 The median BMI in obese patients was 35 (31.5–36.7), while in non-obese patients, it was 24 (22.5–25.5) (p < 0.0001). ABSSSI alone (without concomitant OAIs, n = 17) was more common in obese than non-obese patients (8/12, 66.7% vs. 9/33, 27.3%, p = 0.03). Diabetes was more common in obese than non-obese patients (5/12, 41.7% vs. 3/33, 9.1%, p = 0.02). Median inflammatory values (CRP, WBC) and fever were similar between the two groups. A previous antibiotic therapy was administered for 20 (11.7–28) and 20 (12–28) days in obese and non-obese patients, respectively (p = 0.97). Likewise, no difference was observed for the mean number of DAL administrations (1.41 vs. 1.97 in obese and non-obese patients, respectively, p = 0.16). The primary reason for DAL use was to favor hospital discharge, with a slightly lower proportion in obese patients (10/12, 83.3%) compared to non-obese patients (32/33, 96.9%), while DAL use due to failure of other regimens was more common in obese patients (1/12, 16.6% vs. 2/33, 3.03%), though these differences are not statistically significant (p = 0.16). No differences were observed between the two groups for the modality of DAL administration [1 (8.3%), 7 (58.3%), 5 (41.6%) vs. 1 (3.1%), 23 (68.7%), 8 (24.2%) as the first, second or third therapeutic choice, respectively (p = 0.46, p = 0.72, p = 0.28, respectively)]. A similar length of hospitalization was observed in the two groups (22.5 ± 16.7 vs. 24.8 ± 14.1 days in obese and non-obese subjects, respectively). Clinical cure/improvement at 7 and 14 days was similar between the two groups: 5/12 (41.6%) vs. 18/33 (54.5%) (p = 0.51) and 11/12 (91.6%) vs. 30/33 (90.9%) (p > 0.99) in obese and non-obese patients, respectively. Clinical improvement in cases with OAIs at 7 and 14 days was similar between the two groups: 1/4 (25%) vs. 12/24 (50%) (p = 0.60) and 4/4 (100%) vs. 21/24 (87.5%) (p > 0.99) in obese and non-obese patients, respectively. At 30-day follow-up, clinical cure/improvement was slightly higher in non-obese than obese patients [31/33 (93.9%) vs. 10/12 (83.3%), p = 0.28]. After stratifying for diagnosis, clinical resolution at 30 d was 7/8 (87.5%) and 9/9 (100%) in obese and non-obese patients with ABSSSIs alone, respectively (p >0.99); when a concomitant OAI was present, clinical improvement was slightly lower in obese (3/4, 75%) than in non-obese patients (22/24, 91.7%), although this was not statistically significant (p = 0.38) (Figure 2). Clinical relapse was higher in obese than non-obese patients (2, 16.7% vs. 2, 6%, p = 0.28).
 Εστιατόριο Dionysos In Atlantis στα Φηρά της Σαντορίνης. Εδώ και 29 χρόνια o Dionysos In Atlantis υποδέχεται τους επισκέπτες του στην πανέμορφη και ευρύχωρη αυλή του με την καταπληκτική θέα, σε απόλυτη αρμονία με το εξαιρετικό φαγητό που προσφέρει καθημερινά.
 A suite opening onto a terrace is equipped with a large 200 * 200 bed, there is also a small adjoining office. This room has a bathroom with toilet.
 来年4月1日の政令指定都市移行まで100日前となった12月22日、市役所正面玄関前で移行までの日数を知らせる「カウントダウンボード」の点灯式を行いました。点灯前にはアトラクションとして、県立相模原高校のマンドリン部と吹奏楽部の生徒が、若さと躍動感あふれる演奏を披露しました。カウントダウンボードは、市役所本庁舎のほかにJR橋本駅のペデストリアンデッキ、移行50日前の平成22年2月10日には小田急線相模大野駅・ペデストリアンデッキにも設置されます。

- WHAT YOU WILL DO -
Exactly reproduce every line of the data above.

- THE ANSWER -
 The median BMI in obese patients was 35 (31.5–36.7), while in non-obese patients, it was 24 (22.5–25.5) (p < 0.0001). ABSSSI alone (without concomitant OAIs, n = 17) was more common in obese than non-obese patients (8/12, 66.7% vs. 9/33, 27.3%, p = 0.03). Diabetes was more common in obese than non-obese patients (5/12, 41.7% vs. 3/33, 9.1%, p = 0.02). Median inflammatory values (CRP, WBC) and fever were similar between the two groups. A previous antibiotic therapy was administered for 20 (11.7–28) and 20 (12–28) days in obese and non-obese patients, respectively (p = 0.97). Likewise, no difference was observed for the mean number of DAL administrations (1.41 vs. 1.97 in obese and non-obese patients, respectively, p = 0.16). The primary reason for DAL use was to favor hospital discharge, with a slightly lower proportion in obese patients (10/12, 83.3%) compared to non-obese patients (32/33, 96.9%), while DAL use due to failure of other regimens was more common in obese patients (1/12, 16.6% vs. 2/33, 3.03%), though these differences are not statistically significant (p = 0.16). No differences were observed between the two groups for the modality of DAL administration [1 (8.3%), 7 (58.3%), 5 (41.6%) vs. 1 (3.1%), 23 (68.7%), 8 (24.2%) as the first, second or third therapeutic choice, respectively (p = 0.46, p = 0.72, p = 0.28, respectively)]. A similar length of hospitalization was observed in the two groups (22.5 ± 16.7 vs. 24.8 ± 14.1 days in obese and non-obese subjects, respectively). Clinical cure/improvement at 7 and 14 days was similar between the two groups: 5/12 (41.6%) vs. 18/33 (54.5%) (p = 0.51) and 11/12 (91.6%) vs. 30/33 (90.9%) (p > 0.99) in obese and non-obese patients, respectively. Clinical improvement in cases with OAIs at 7 and 14 days was similar between the two groups: 1/4 (25%) vs. 12/24 (50%) (p = 0.60) and 4/4 (100%) vs. 21/24 (87.5%) (p > 0.99) in obese and non-obese patients, respectively. At 30-day follow-up, clinical cure/improvement was slightly higher in non-obese than obese patients [31/33 (93.9%) vs. 10/12 (83.3%), p = 0.28]. After stratifying for diagnosis, clinical resolution at 30 d was 7/8 (87.5%) and 9/9 (100%) in obese and non-obese patients with ABSSSIs alone, respectively (p >0.99); when a concomitant OAI was present, clinical improvement was slightly lower in obese (3/4, 75%) than in non-obese patients (22/24, 91.7%), although this was not statistically significant (p = 0.38) (Figure 2). Clinical relapse was higher in obese than non-obese patients (2, 16.7% vs. 2, 6%, p = 0.28).
 Εστιατόριο Dionysos In Atlantis στα Φηρά της Σαντορίνης. Εδώ και 29 χρόνια o Dionysos In Atlantis υποδέχεται τους επισκέπτες του στην πανέμορφη και ευρύχωρη αυλή του με την καταπληκτική θέα, σε απόλυτη αρμονία με το εξαιρετικό φαγητό που προσφέρει καθημερινά.
 A suite opening onto a terrace is equipped with a large 200 * 200 bed, there is also a small adjoining office. This room has a bathroom with toilet.
 来年4月1日の政令指定都市移行まで100日前となった12月22日、市役所正面玄関前で移行までの日数を知らせる「カウントダウンボード」の点灯式を行いました。点灯前にはアトラクションとして、県立相模原高校のマンドリン部と吹奏楽部の生徒が、若さと躍動感あふれる演奏を披露しました。カウントダウンボードは、市役所本庁舎のほかにJR橋本駅のペデストリアンデッキ、移行50日前の平成22年2月10日には小田急線相模大野駅・ペデストリアンデッキにも設置されます。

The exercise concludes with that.